**WORK REQUEST**
Below is a listing; transcribe it exactly but without any images.

**INPUT DATA**
——————
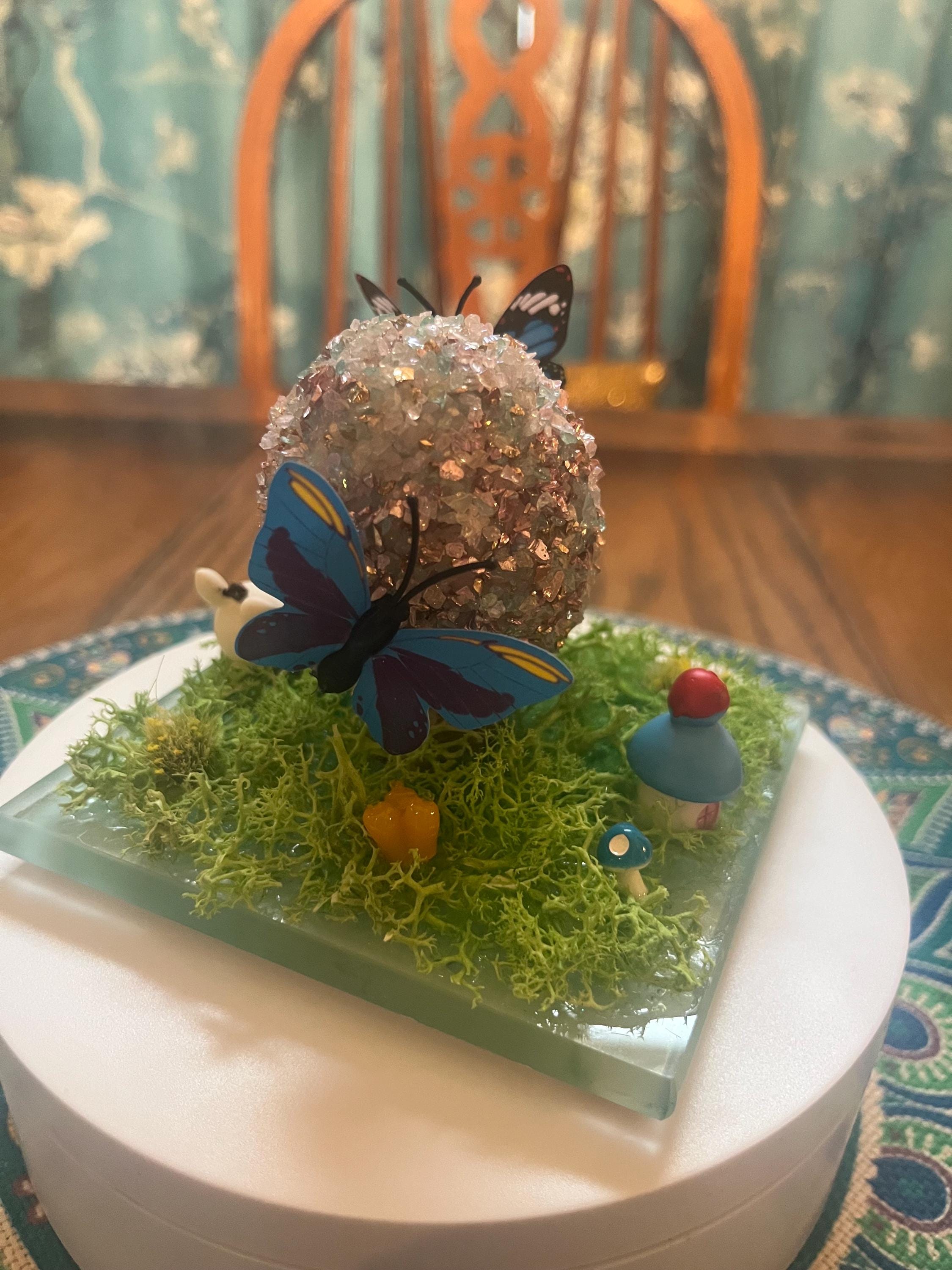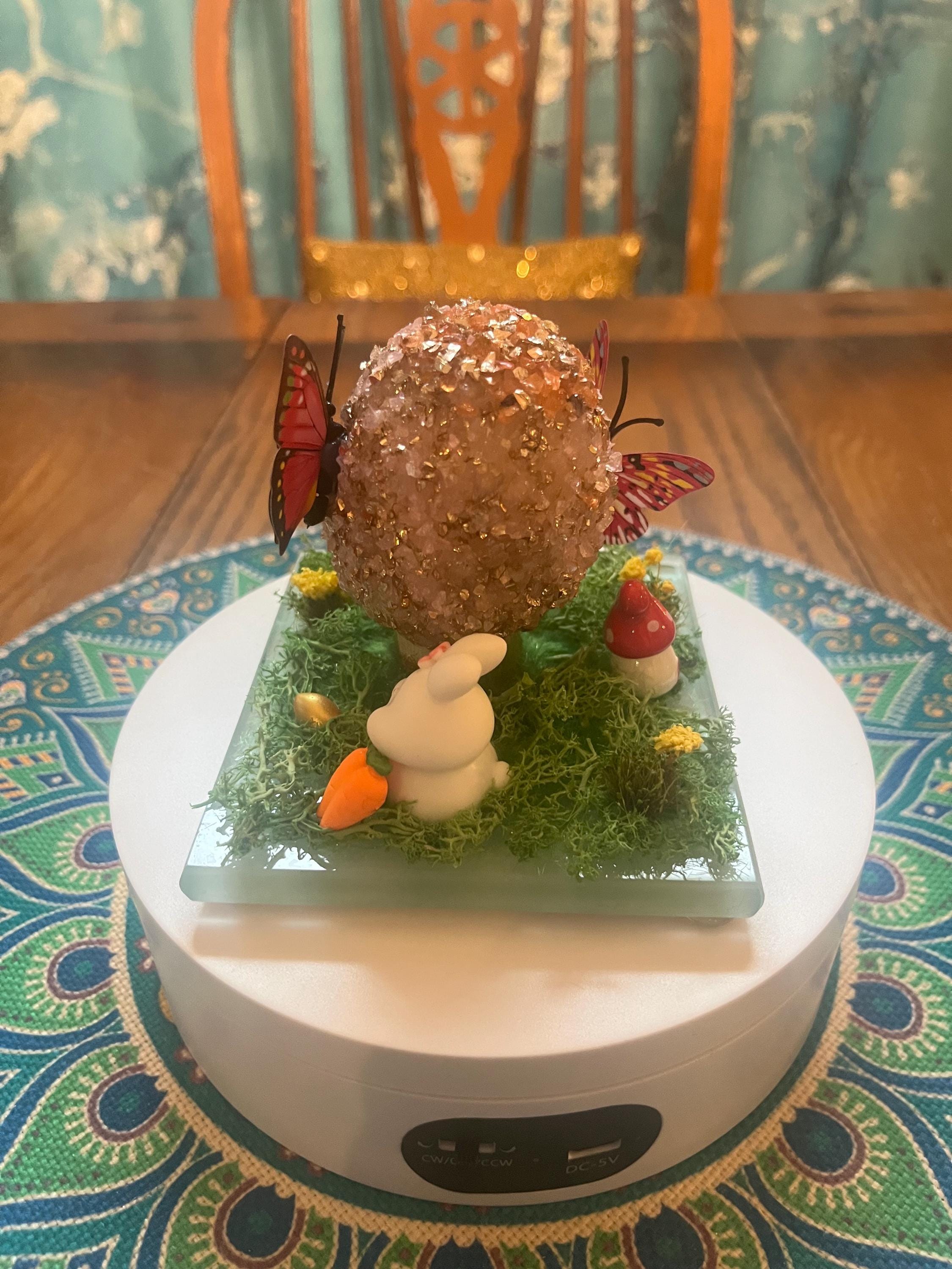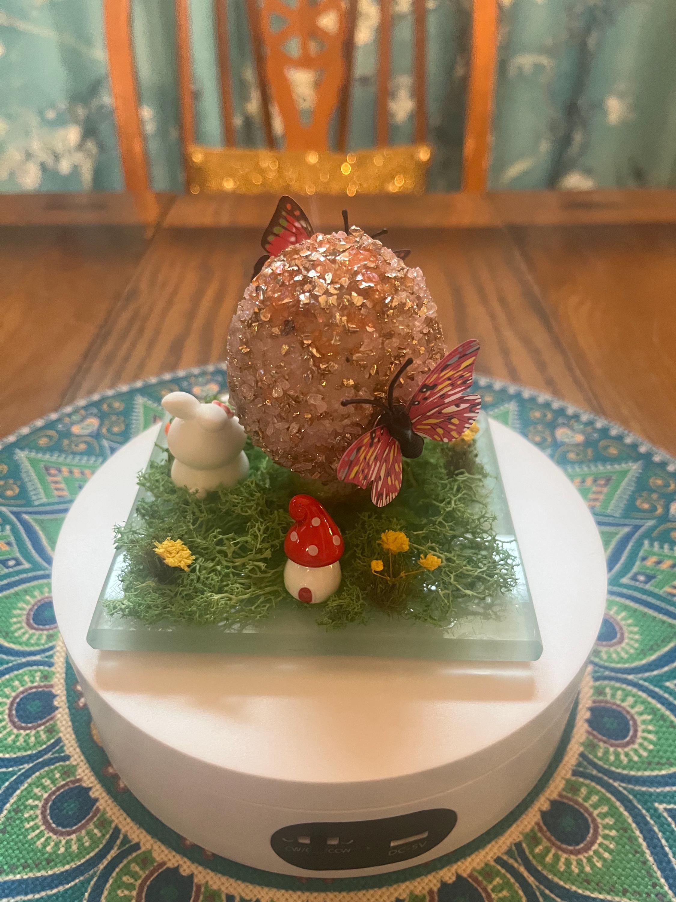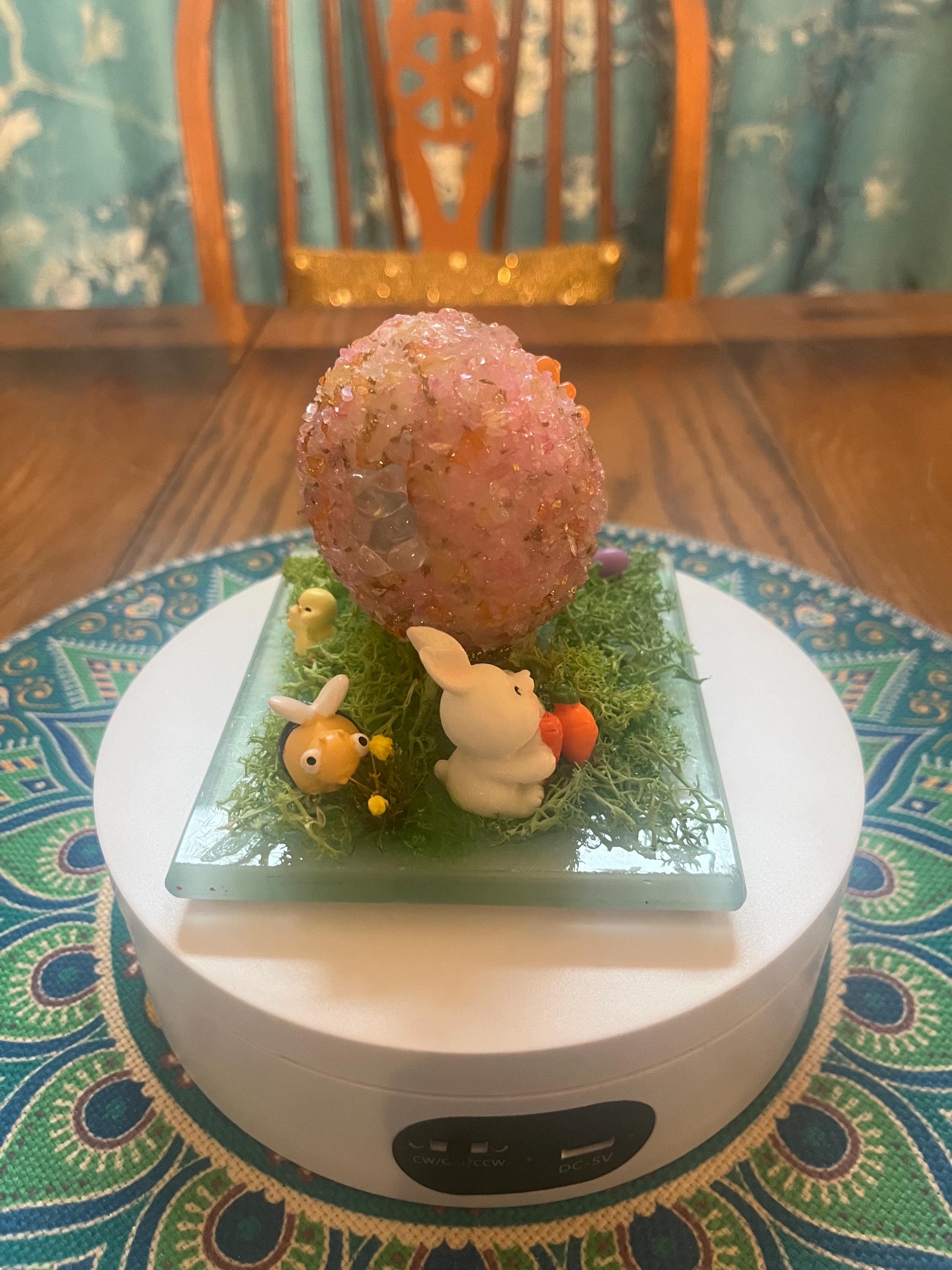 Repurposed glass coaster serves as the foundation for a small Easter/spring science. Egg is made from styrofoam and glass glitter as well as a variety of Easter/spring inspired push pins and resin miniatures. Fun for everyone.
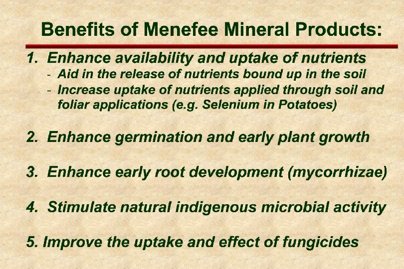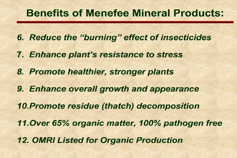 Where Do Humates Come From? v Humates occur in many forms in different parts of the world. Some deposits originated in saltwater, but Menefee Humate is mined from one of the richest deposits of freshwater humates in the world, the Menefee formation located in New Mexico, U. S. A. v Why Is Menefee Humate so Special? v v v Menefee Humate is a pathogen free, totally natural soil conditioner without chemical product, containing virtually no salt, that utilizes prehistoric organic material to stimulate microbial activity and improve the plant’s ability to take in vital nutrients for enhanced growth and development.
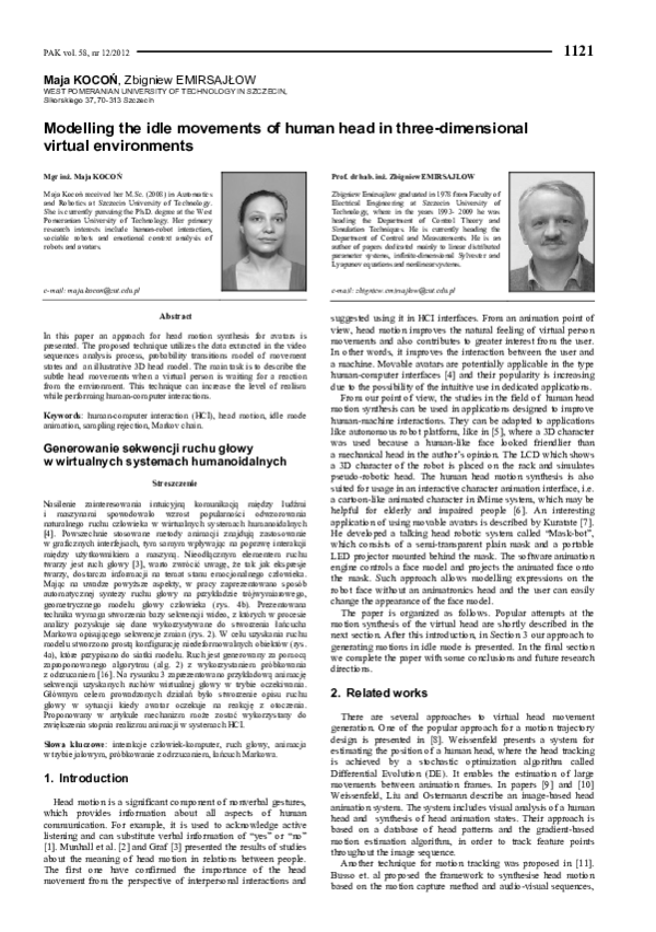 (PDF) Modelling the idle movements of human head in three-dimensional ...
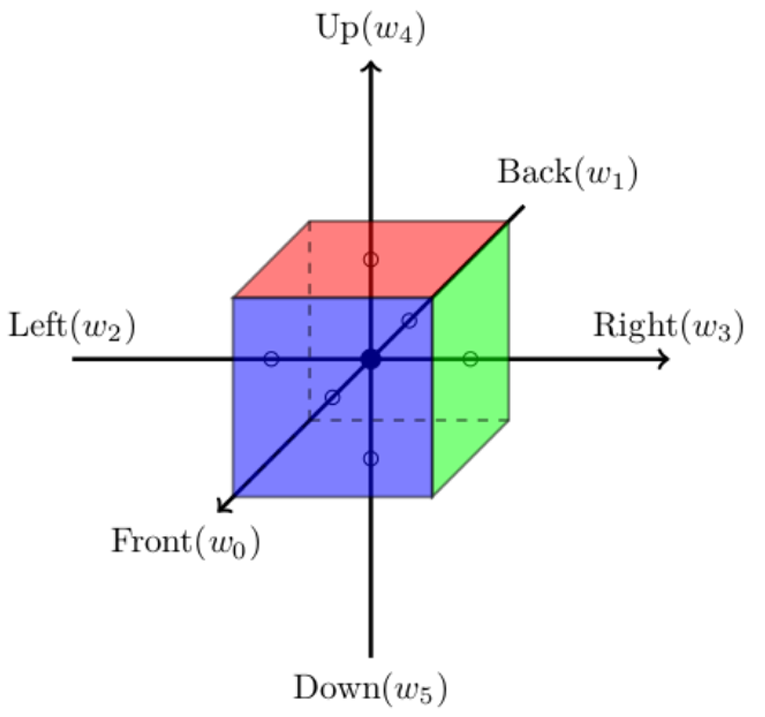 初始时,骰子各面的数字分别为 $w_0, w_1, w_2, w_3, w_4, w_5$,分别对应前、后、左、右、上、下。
——————
**TASK RESULT**
 Repurposed glass coaster serves as the foundation for a small Easter/spring science. Egg is made from styrofoam and glass glitter as well as a variety of Easter/spring inspired push pins and resin miniatures. Fun for everyone.
 Where Do Humates Come From? v Humates occur in many forms in different parts of the world. Some deposits originated in saltwater, but Menefee Humate is mined from one of the richest deposits of freshwater humates in the world, the Menefee formation located in New Mexico, U. S. A. v Why Is Menefee Humate so Special? v v v Menefee Humate is a pathogen free, totally natural soil conditioner without chemical product, containing virtually no salt, that utilizes prehistoric organic material to stimulate microbial activity and improve the plant’s ability to take in vital nutrients for enhanced growth and development.
 (PDF) Modelling the idle movements of human head in three-dimensional ...
 初始时,骰子各面的数字分别为 $w_0, w_1, w_2, w_3, w_4, w_5$,分别对应前、后、左、右、上、下。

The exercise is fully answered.